Items from a dataset:

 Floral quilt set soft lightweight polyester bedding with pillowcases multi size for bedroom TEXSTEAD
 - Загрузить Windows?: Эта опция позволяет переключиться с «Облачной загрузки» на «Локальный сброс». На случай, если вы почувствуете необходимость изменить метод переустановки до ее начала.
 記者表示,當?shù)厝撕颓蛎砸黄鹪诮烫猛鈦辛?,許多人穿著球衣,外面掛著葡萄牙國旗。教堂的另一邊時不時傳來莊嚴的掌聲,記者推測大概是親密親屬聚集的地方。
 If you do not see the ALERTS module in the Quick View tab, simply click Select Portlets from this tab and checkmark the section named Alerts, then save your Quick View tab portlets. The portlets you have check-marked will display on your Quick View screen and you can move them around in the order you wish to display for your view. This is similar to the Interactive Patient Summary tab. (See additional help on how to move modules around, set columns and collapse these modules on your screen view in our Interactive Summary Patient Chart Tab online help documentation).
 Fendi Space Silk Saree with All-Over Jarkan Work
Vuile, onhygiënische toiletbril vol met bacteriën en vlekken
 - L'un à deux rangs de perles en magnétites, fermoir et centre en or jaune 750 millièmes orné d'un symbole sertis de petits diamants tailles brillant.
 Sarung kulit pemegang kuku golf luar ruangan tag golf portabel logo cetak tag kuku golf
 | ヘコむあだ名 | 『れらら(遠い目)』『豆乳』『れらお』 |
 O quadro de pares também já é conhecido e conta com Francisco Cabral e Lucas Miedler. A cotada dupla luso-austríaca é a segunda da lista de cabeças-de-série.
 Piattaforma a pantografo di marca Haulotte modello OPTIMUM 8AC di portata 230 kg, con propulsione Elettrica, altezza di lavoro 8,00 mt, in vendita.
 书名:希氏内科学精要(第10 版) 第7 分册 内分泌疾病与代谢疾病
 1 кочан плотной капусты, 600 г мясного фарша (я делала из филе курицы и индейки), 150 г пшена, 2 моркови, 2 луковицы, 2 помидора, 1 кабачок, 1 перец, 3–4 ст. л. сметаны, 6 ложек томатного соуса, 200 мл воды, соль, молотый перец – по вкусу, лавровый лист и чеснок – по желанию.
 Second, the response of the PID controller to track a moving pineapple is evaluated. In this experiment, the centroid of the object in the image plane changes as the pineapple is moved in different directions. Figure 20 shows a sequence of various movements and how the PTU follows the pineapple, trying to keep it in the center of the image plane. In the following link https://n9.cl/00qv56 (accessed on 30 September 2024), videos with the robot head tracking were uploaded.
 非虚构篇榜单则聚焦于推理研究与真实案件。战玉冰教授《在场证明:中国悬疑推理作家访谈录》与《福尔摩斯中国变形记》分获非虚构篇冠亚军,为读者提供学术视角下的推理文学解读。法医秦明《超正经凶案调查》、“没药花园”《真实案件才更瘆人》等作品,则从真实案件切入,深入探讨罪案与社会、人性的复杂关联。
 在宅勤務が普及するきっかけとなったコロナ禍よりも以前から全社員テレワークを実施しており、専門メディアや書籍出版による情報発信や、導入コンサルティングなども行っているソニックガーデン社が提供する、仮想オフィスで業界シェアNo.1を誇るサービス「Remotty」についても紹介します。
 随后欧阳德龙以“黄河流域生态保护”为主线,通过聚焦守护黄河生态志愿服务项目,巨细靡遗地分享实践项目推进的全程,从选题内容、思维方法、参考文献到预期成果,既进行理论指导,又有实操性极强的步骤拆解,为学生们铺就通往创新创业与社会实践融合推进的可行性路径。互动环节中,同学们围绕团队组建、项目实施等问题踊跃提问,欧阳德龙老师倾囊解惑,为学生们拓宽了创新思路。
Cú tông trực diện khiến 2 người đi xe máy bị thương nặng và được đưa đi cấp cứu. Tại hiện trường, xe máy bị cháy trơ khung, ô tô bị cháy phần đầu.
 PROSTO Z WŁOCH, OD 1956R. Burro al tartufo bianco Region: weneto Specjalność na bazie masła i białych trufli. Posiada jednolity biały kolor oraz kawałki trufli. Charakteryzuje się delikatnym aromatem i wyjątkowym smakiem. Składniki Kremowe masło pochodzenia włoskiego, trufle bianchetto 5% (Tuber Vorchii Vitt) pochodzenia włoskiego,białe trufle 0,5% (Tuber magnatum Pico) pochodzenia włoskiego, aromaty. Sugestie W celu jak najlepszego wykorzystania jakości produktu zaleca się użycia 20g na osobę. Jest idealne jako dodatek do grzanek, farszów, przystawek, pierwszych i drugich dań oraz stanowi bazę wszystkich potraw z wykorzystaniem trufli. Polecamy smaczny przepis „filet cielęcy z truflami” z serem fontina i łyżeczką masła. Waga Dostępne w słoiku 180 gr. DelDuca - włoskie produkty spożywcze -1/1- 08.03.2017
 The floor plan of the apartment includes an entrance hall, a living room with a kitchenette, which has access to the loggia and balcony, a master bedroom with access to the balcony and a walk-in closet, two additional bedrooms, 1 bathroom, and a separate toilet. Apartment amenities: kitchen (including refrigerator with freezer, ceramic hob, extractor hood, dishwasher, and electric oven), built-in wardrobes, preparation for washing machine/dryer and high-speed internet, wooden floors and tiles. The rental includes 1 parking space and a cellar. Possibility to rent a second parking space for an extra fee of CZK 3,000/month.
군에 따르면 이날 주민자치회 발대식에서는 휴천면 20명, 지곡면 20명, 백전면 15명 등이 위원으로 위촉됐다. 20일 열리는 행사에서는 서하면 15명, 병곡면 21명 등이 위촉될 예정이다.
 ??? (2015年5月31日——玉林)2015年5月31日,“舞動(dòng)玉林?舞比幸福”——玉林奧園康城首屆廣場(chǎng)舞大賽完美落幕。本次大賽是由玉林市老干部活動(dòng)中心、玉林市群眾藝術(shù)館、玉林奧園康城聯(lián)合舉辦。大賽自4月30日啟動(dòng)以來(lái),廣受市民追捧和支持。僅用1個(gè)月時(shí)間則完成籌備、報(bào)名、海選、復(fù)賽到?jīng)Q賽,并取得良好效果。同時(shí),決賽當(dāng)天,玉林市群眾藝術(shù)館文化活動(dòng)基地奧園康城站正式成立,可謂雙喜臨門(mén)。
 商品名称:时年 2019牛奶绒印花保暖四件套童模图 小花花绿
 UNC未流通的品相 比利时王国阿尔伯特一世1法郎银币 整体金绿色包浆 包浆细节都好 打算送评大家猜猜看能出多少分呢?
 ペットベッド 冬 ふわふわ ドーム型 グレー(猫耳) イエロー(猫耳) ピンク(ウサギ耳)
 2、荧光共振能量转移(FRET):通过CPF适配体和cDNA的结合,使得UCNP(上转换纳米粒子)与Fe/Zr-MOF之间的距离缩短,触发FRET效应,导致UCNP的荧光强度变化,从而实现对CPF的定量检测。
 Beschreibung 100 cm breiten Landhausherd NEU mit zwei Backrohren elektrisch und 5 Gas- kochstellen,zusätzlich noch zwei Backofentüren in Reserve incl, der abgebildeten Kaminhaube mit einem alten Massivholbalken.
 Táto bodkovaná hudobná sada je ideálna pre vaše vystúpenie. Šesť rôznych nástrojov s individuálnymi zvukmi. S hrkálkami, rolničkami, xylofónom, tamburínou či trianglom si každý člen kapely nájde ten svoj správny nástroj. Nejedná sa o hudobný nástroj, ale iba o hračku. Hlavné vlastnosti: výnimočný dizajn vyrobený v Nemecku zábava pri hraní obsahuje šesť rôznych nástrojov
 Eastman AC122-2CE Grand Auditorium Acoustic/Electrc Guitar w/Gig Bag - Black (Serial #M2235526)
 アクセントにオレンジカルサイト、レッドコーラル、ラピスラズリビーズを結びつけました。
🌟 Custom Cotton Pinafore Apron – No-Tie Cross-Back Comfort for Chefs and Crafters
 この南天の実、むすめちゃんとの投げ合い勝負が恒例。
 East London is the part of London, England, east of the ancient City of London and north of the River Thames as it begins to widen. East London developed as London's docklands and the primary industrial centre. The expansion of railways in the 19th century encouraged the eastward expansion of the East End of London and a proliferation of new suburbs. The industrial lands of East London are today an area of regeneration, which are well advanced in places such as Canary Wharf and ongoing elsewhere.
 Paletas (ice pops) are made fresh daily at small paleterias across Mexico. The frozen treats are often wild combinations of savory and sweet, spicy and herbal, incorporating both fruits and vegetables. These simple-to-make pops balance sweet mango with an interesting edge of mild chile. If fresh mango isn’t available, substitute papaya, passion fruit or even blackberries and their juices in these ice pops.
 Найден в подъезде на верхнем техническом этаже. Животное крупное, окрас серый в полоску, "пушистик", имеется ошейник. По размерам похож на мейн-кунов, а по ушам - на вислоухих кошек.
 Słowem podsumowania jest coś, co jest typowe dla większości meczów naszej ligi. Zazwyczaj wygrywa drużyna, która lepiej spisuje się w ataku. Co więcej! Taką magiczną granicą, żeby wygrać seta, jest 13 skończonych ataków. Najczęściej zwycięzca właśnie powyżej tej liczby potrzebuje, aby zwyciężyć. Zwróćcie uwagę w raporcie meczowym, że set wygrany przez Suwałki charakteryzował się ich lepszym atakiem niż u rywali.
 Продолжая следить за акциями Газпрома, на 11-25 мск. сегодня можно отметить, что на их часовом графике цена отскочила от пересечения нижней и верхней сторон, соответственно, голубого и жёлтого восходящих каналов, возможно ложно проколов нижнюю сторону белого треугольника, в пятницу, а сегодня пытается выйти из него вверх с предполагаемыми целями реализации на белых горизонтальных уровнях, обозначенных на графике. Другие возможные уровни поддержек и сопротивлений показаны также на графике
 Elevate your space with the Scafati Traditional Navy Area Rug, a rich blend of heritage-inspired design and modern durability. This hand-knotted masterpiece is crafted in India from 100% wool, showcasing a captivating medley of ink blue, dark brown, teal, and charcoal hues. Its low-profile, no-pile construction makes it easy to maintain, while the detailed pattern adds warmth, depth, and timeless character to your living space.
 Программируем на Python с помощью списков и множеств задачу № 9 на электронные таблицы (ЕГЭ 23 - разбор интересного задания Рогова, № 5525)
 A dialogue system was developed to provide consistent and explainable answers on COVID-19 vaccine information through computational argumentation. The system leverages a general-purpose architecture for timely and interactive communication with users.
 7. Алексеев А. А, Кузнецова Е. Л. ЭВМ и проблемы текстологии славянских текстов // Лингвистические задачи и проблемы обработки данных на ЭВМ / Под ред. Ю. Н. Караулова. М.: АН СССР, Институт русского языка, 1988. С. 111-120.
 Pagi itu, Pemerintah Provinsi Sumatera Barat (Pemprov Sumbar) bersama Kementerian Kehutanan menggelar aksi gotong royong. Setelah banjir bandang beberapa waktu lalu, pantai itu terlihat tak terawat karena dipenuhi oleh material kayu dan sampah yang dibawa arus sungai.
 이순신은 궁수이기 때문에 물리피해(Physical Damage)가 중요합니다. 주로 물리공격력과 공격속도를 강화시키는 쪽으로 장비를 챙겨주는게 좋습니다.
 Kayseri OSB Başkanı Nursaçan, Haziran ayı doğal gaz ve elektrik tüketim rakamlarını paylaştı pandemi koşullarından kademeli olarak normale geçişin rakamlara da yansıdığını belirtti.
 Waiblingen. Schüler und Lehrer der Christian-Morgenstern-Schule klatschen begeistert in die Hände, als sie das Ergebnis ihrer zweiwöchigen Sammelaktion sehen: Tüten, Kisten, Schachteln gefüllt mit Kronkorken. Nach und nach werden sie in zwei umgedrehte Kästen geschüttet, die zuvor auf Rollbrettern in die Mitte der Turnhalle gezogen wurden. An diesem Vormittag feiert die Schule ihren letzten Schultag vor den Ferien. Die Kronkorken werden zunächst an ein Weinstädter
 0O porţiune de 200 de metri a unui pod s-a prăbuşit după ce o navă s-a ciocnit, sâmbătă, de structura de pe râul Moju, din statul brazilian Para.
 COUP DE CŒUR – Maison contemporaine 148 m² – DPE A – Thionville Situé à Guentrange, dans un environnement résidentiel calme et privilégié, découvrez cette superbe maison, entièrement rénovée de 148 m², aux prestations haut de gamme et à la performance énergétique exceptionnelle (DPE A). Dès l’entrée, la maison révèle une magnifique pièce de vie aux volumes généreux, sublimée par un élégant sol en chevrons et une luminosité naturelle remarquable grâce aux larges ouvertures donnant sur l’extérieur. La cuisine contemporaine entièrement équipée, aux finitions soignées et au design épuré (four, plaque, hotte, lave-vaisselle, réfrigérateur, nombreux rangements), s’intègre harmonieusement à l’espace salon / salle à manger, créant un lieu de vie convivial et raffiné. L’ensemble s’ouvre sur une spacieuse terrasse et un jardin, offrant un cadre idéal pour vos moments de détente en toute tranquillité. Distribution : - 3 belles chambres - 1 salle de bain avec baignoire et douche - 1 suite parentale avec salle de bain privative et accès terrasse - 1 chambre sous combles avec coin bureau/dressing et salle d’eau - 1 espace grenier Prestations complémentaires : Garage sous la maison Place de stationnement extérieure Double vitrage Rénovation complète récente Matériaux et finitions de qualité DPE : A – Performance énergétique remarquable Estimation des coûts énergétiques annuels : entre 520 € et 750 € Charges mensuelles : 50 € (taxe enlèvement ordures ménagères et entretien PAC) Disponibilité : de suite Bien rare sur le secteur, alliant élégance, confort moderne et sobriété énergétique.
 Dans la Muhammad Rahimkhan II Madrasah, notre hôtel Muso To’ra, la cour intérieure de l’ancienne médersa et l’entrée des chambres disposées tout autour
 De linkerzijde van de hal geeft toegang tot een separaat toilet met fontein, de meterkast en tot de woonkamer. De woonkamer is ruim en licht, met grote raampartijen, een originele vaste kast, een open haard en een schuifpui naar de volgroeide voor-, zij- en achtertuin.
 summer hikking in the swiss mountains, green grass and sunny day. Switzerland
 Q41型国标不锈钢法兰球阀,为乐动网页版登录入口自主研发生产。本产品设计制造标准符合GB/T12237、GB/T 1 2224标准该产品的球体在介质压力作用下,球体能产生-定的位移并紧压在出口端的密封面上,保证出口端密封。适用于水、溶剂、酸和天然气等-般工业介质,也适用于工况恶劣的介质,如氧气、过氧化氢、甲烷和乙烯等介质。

» Activity:
Each line of the entries above that includes "which" counts once; state how many such lines there are, with the number as the only answer.

» Result of this exercise:
2